Greens challenge ALP hold in inner city

September 21, 2005
Issue 

Pip Hinman, Sydney

Labor won all three NSW parliamentary by-elections on September 17, but with swings against new Premier Morris Iemma's government of 4-12%. In Marrickville, the Greens scored their highest vote ever for a lower house seat, gaining a primary vote of 38% and reaching 41.7% after preferences. This was a clear message that people are fed up with Labor's neoliberal course.

In Maroubra, Labor recorded a 3.6% swing against it, standing Michael Daly (a former staffer of Gough Whitlam). The Greens' Anne Gardiner scored a high 26.4%.

Macquarie Fields, the western Sydney suburb where riots erupted last year after a youth was killed in a high-speed police car chase, was the only seat contested by the Liberals. High unemployment, especially among youth, and a severe lack of services ensured a 12.4% swing against Labor's Steve Chaytor, who won 52.3% of the vote, compared to the whistle-blower nurse Nola Fraser, who ran for the Liberal Party and gained 41.7%.

Labor's Carmel Tebbutt, who is also the NSW education minister, vacated her upper house seat to contest former deputy premier Andrew Refshauge's safe seat of Marrickville. A swing of 7% against Labor indicated just how angry people are at Labor's cuts to TAFE, programs for children with special needs, disability services and public transport.

The Greens' campaign concentrated on the need for better public services — transport, education and housing in particular. Greens candidate Sam Byrne, deputy mayor for Marrickville, was pleased with the results, saying "it's a good bellweather for the next state election", due in 2007.

The Socialist Alliance, which only contested the seat of Marrickville, scored 1.58% (494 votes). Communist League candidate Alisdair Macdonald, standing as an independent and refusing to direct preferences to any other party, received 0.39%.

The alliance's campaign highlighted a call on the Iemma government to refuse to cooperate with the new federal IR laws, arguing that if all the state Labor governments did that, the proposed federal workplace laws would be unworkable. It also raised the call for free public transport, arguing that the social and environmental benefits from such a step may even save money over time. In addition, the Socialist Alliance called on the Iemma government not to cooperate with the Howard government's moves to strengthen "anti-terror" legislation, saying the new measures will only undermine the right to free speech.

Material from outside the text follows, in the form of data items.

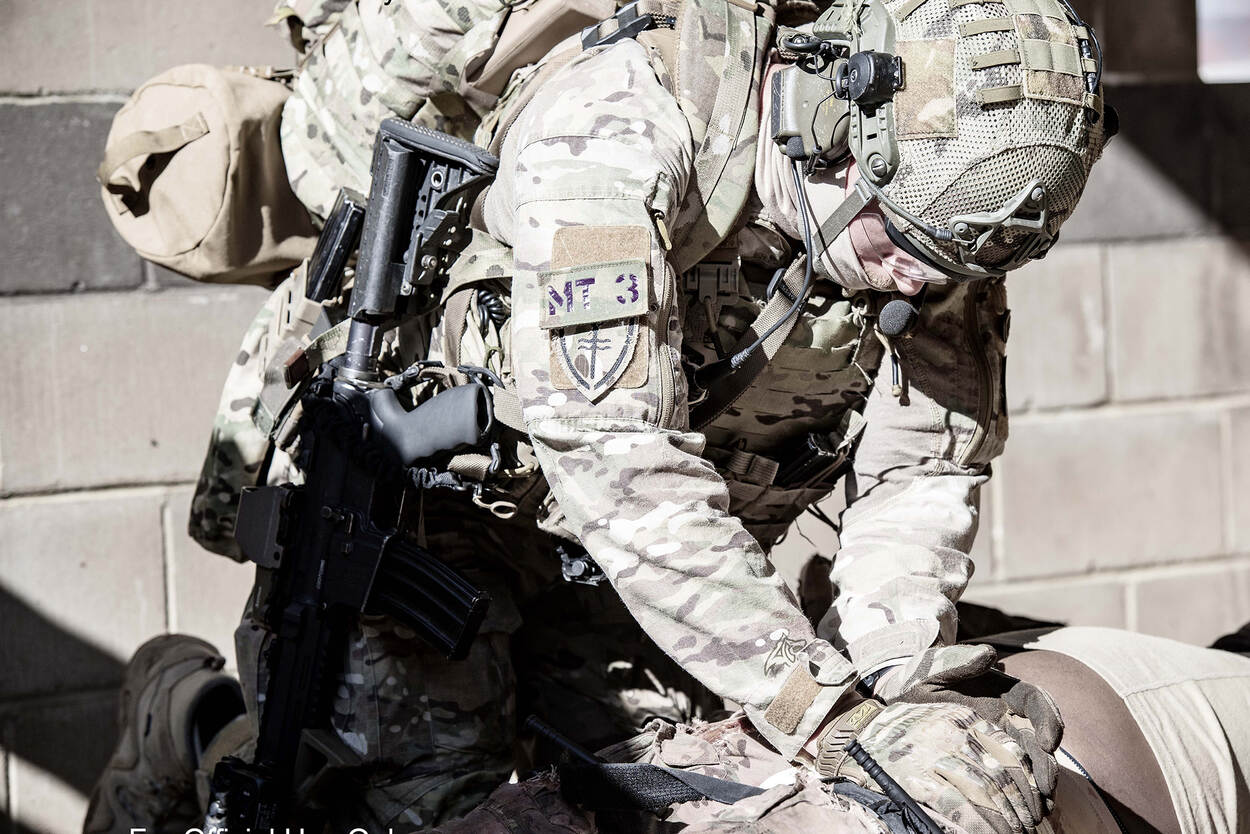 Medische zorg verlenen in een heimelijke, tactische situatie. Dat is waar de SOMT de deelnemende militairen in specialiseert. De opleiding, uniek in de wereld, duurt 3 maanden en wordt een keer per jaar gegeven in Canada. De specialistische opleiding is dermate in nevelen gehuld, dat ook Frits er tot een jaar geleden nooit van had gehoord. “Tot ik er een Belgische collega over hoorde praten tijdens een oefening. Ik dacht meteen: dat is iets voor ons. Als AMV’er ben je goed onderlegd in het medische, maar als verpleegkundige bij NLMARSOF speelt ook het groene, het tactische, een grote rol.” Want, valt arts en luitenant ter zee 2OC (AR) Ans van dezelfde eenheid hem bij: “Het laatste dat je wilt is de operatie verstoren”.
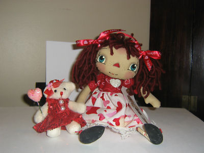 PRIMITIVE RAGGEDY ANNie Beary Happy Valentines DOLL/TAG
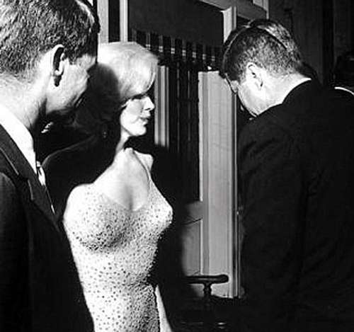1962年5月19日,為慶祝肯尼迪總統(tǒng)即將到來的生日,瑪麗蓮-夢露身穿綴滿亮片的露背晚禮服,在紐約麥迪遜花園廣場獻唱了一首甜蜜的《總統(tǒng)先生,生日快樂》。演唱結(jié)束后,白宮攝影師塞西爾-斯托頓抓拍到一張瑪麗蓮夢露與肯尼迪兄弟的合影。

The ALP machine pulled out all stops for the campaign in Marrickville. The Tebbutt campaign spent huge amounts of money — the exact figure she would not reveal — on multiple mail-outs and leaflets to every household. This seemed to backfire though, as people complained about the deluge of ALP election propaganda. Obviously worried about the Greens, the leaderships of several unions, including the Public Service Association, the Australian Manufacturing Workers Union and the Electrical Trades Union, sent letters to their members in Marrickville urging a vote for Tebbutt. Prominent ALP women, including ACTU leader Sharan Burrow, author Anne Summers and NSW MP Linda Burney, also sent a letter to every household asking for women to vote for Tebbutt.

ALP strategists assert that the disclosure of the Latham diaries would have had an impact on the election. But many people had probably already made up their minds about NSW Labor before then.

[Pip Hinman was the Socialist Alliance candidate in the Marrickville by-election.]

From Green Left Weekly, September 21, 2005.